[Data excerpts]
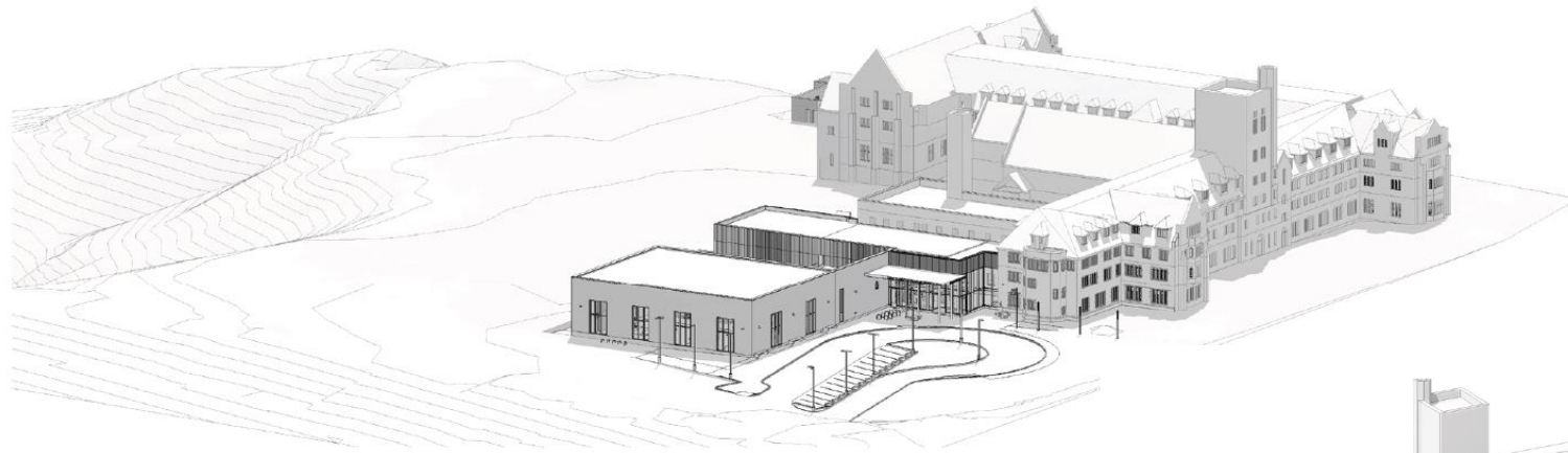
2 OVERALL WEST AXONOMETRIC A002

West and east axonometric views of 101 Mason Boulevard.
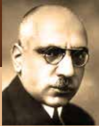
Yahya Khan Gharagozlu Etamad al-Dole , Minister of Education

A general plan to establish Dar ol-Olum in Tehran was devised and presented.
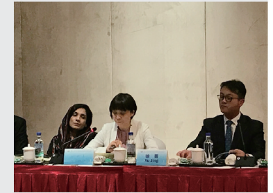
A corporate representative was speaking at the session.
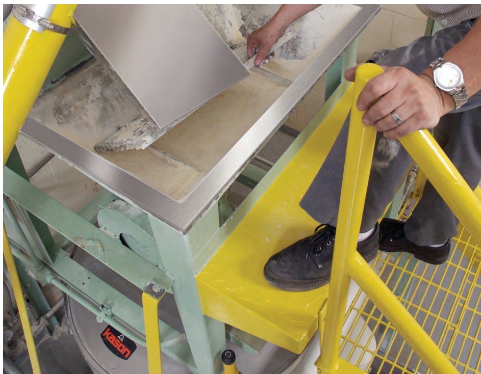
Operator checks flow of durum granular flour and recycled ground pasta into feed hopper, rotary airlock and 48 in. (122 cm) screener below.

make dough, extruded into pasta, cut to the proper size, and dried. Material screened from the feed exits the screener's discharge spout into a box and is manually recycled into the feed hopper.
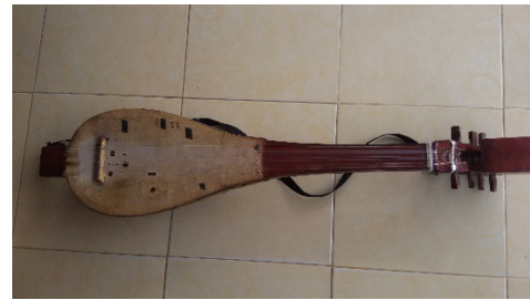
Figure 1. Gambus lunik (small)

musical instruments into the Lampung region—along with the influx of Islamic influence. The color of the music breathes Islamic while singing poetry. All of gambus players began in Arabic with accompaniment and poetry. In the Lampung region this artistry has various mentions, or terms, some refer to it as a gambus tunggal , a gitar tunggal , and some others call it a petting gambus .

◆ How to complete this task
Copy range, inclusive: the line holding "Operator checks flow" to the line holding "make dough, extruded". Reproduce exactly those lines of the records above and no others.

◆ Solution for this problem
Operator checks flow of durum granular flour and recycled ground pasta into feed hopper, rotary airlock and 48 in. (122 cm) screener below.

make dough, extruded into pasta, cut to the proper size, and dried. Material screened from the feed exits the screener's discharge spout into a box and is manually recycled into the feed hopper.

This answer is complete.